A cat that has white mittens, for instance, is often
inordinately vain, and keeps them in the most immaculate state of
cleanliness.
CHAPTER XIV
CONCERNING CAT LANGUAGE
Montaigne it was who said: "We have some intelligence of their senses:
so have also the beasts of ours in much the same measure. They flatter
us, menace us, need us, and we them. It is manifestly evident that there
is among them a full and entire communication, and that they understand
each other."
That this applies to cats is certainly true.
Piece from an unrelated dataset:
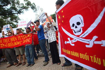 Người dân ở Hà Nội biểu tình chống Trung Quốc suốt bốn Chủ Nhật của tháng 6 và Chủ Nhật đầu tháng 7, 2011 ở Hà Nội. (Hình: AP/Na Son Nguyen)

Did you ever notice how a
mother cat talks to her children, and simply by the utterances of her
voice induces them to abandon their play and go with her, sometimes with
the greatest reluctance, to some place that suited her whim--or her
wisdom?
Dupont de Nemours, a naturalist of the eighteenth century, made himself
ridiculous in the eyes of his compatriots by seeking to penetrate the
mysteries of animal language. "Those who utter sounds," he affirmed,
"attach significance to them; their fellows do the same, and those
sounds originally inspired by passion and repeated under similar
recurrent circumstances, become the abiding expressions of the passions
that gave rise to them."
Fortified by this theory he devoted a couple of years to the study of
crow language, and made himself ridiculous in the eyes of his
adversaries by attempting to translate a nightingale's song.